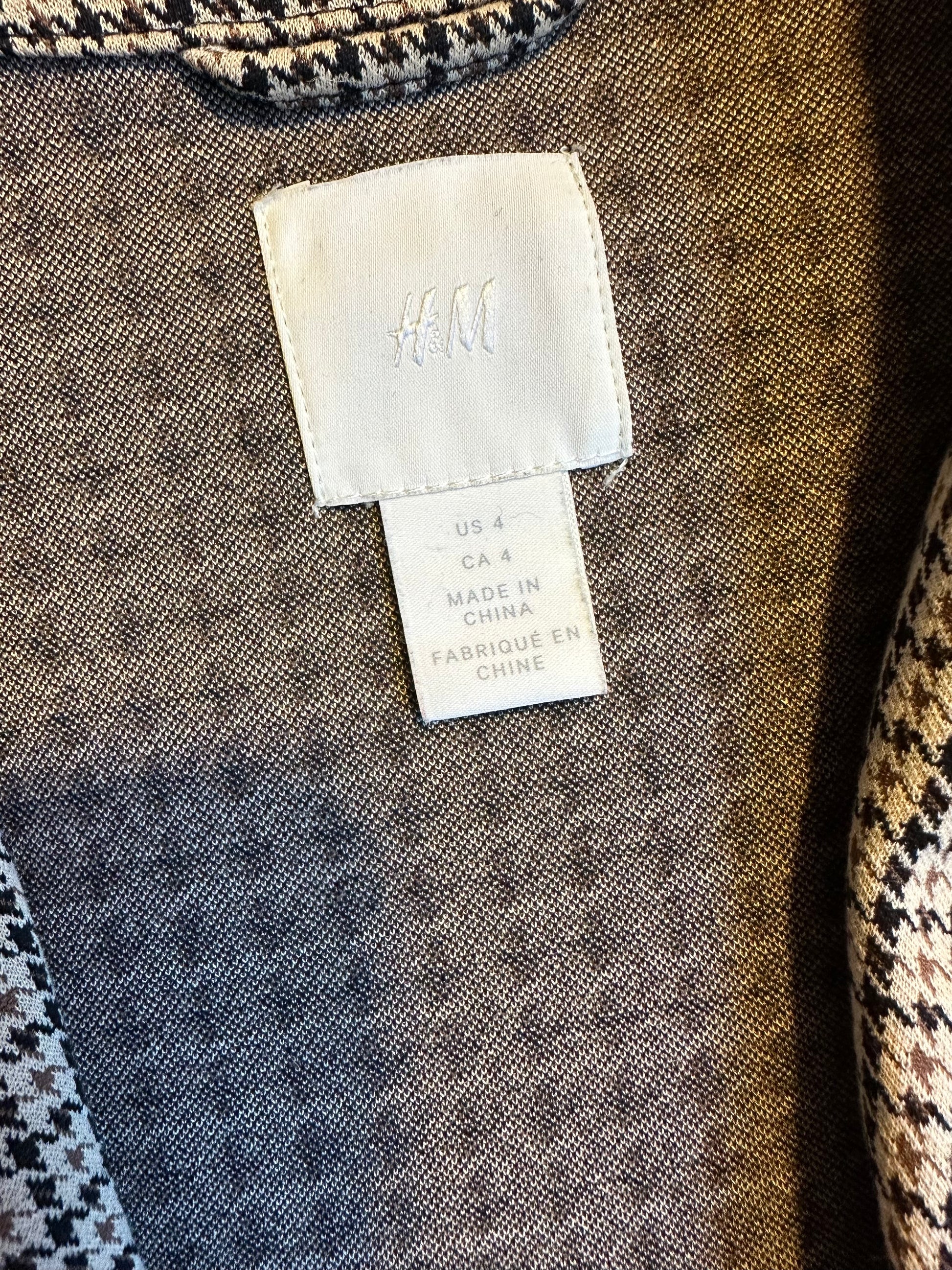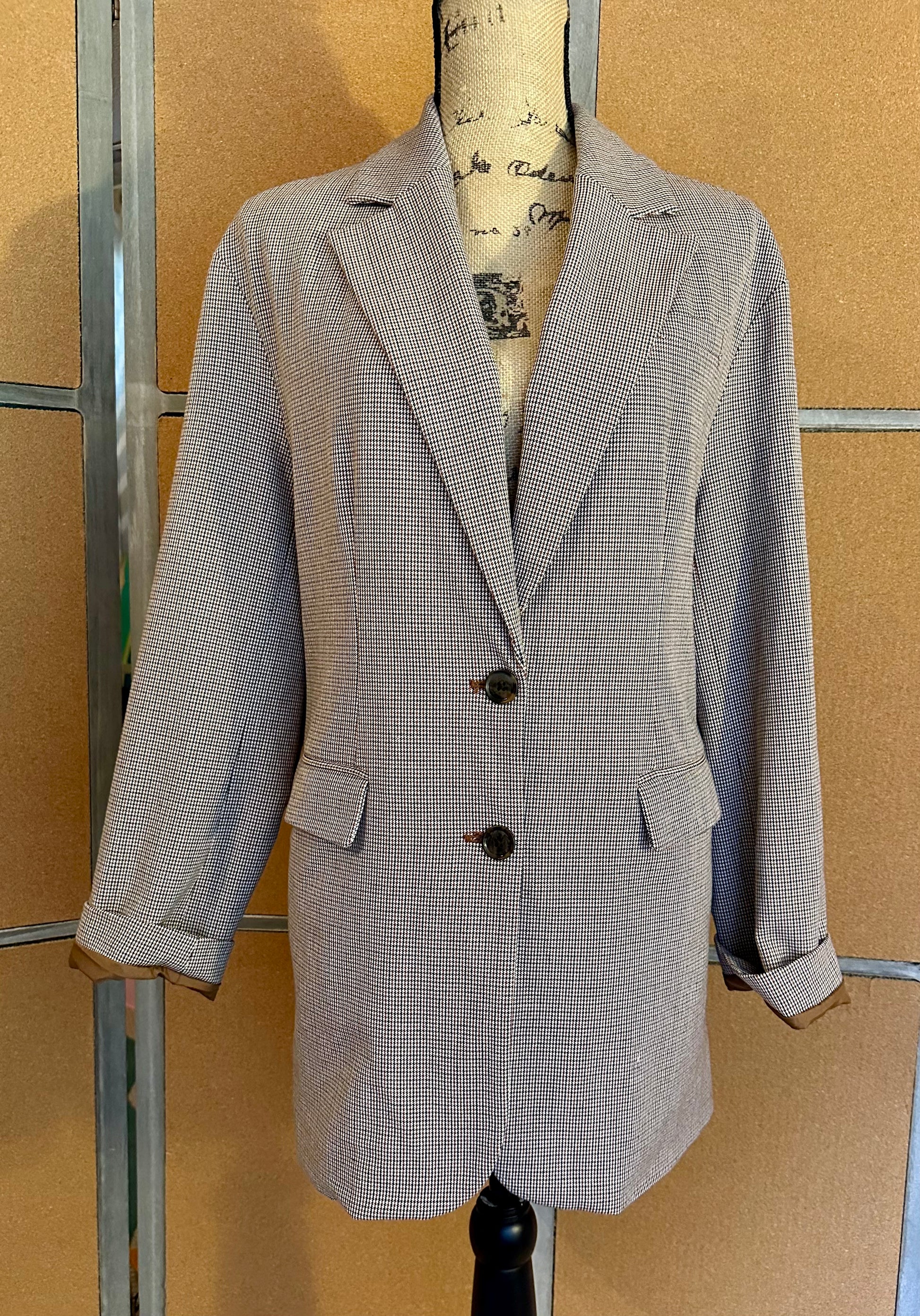 A New Day Houndstooth Blazer Women’s Small Brown Taupe Longline Jacket Lined
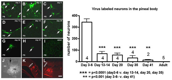 (A–I) Microphotographs show representative sections from the PB of rats of different ages after intravitreal administration of memGreen-RV. The white arrows indicate virus-labeled perikarya. The asterisk shows the rostral pole where the neuronal fibers enter the organ. (J) A black arrow shows the site of administration of Ka-VHSmCherry-A-RV into PB and (K,L) demonstrates the retinal labeling after this intervention. Abbreviations: OC = occipital cortex; PB = pineal body. Scale = 500 μm in J and 50 μm in A–I and K and L. The chart bar shows the quantitative assessment of the number of virus-labeled cells in the PB of rats with different ages. The number of cells tremendously decreased after 6 days following birth, with a continued gradual decrease until puberty. By puberty, they completely disappeared. In adult rats, neurons were not found in the PB. The numbers in or above the bars indicate the number of animals. Reprinted from Neuroscience Letters, 665, 189–194, Csáki et al. Ontogenesis of the pinealo-retinal neuronal connection in albino rats. 2018. with permission from Elsevier. ISSN: 0304-3940 [73].
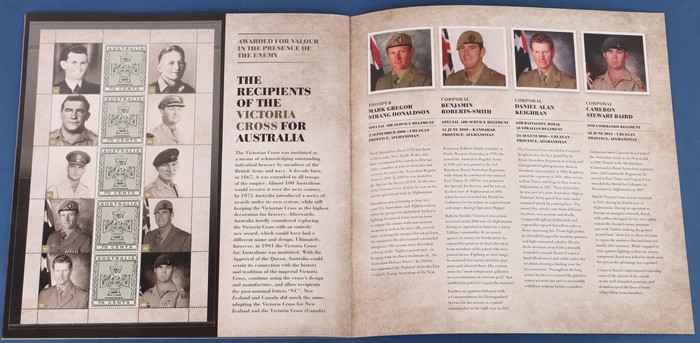 folder (260x260mm) of 2015 Victoria Cross 70c in sheetlets with tabs of all 100 VC winners. VF fresh MNH. FV alone $49. (Image1) (Image2)
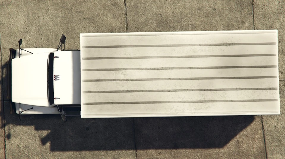 The Benson returns to Grand Theft Auto V and Grand Theft Auto Online, with an almost identical design as GTA IV. The truck is now primarily used as a moving truck as opposed to a bottler truck, and as such, lacks the rear trolley and loading bay, and in their place, a new ramp door is found, hinged from the bottom. The side handles have been moved up to compensate for the larger door, and new marker lights have been added. The front pushbar has also been replaced with a much larger, heavy duty pushbar reused from the Hauler, and the front bumper itself is plastic as opposed to chrome. The grille has also been changed, and no longer features 3D horizontal parts. The passenger-side step marker light has also been removed. The side shutters also lack the original depth they did in GTA IV, and are now flat.
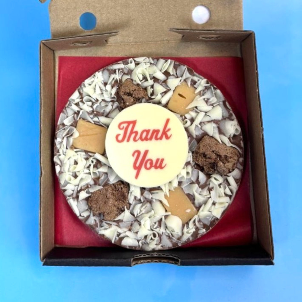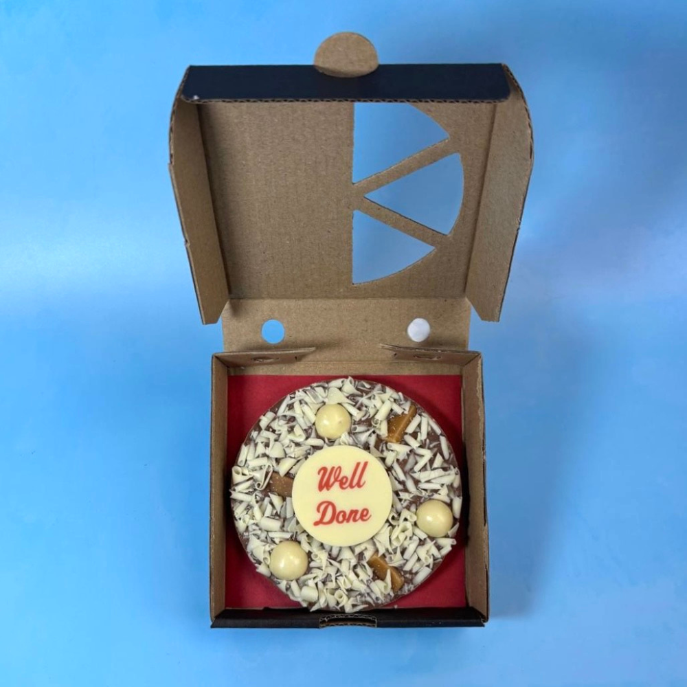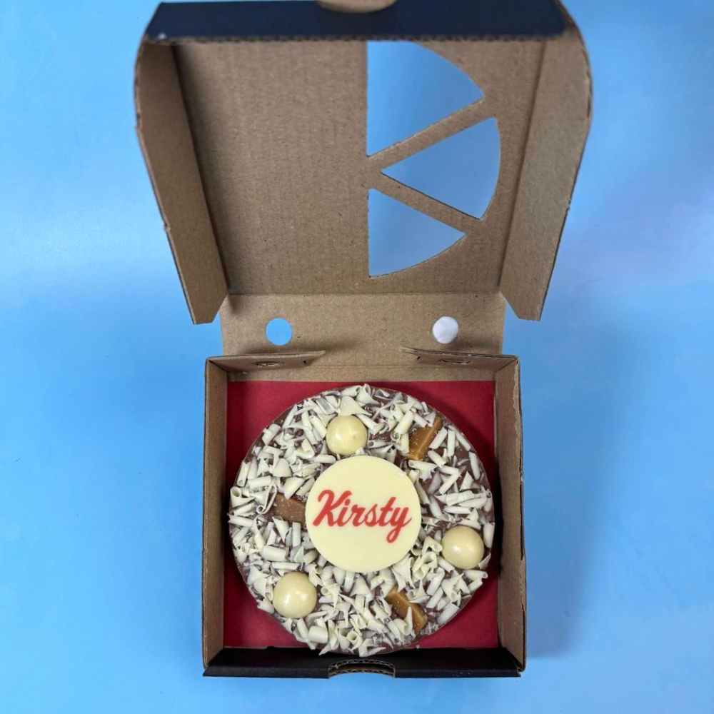 All of our personalised chocolate pizzas are made from real Belgian milk or dark chocolate flavours, decorated by hand with your chosen toppings, and finished with a Belgian white chocolate plaque - so your gift will be as delicious as it is fun!

══════════════════════════════

Exercise instructions
Would you repeat the complete listing exactly, excluding each picture it holds?

Worked solution
 A New Day Houndstooth Blazer Women’s Small Brown Taupe Longline Jacket Lined
 (A–I) Microphotographs show representative sections from the PB of rats of different ages after intravitreal administration of memGreen-RV. The white arrows indicate virus-labeled perikarya. The asterisk shows the rostral pole where the neuronal fibers enter the organ. (J) A black arrow shows the site of administration of Ka-VHSmCherry-A-RV into PB and (K,L) demonstrates the retinal labeling after this intervention. Abbreviations: OC = occipital cortex; PB = pineal body. Scale = 500 μm in J and 50 μm in A–I and K and L. The chart bar shows the quantitative assessment of the number of virus-labeled cells in the PB of rats with different ages. The number of cells tremendously decreased after 6 days following birth, with a continued gradual decrease until puberty. By puberty, they completely disappeared. In adult rats, neurons were not found in the PB. The numbers in or above the bars indicate the number of animals. Reprinted from Neuroscience Letters, 665, 189–194, Csáki et al. Ontogenesis of the pinealo-retinal neuronal connection in albino rats. 2018. with permission from Elsevier. ISSN: 0304-3940 [73].
 folder (260x260mm) of 2015 Victoria Cross 70c in sheetlets with tabs of all 100 VC winners. VF fresh MNH. FV alone $49. (Image1) (Image2)
 The Benson returns to Grand Theft Auto V and Grand Theft Auto Online, with an almost identical design as GTA IV. The truck is now primarily used as a moving truck as opposed to a bottler truck, and as such, lacks the rear trolley and loading bay, and in their place, a new ramp door is found, hinged from the bottom. The side handles have been moved up to compensate for the larger door, and new marker lights have been added. The front pushbar has also been replaced with a much larger, heavy duty pushbar reused from the Hauler, and the front bumper itself is plastic as opposed to chrome. The grille has also been changed, and no longer features 3D horizontal parts. The passenger-side step marker light has also been removed. The side shutters also lack the original depth they did in GTA IV, and are now flat.
 All of our personalised chocolate pizzas are made from real Belgian milk or dark chocolate flavours, decorated by hand with your chosen toppings, and finished with a Belgian white chocolate plaque - so your gift will be as delicious as it is fun!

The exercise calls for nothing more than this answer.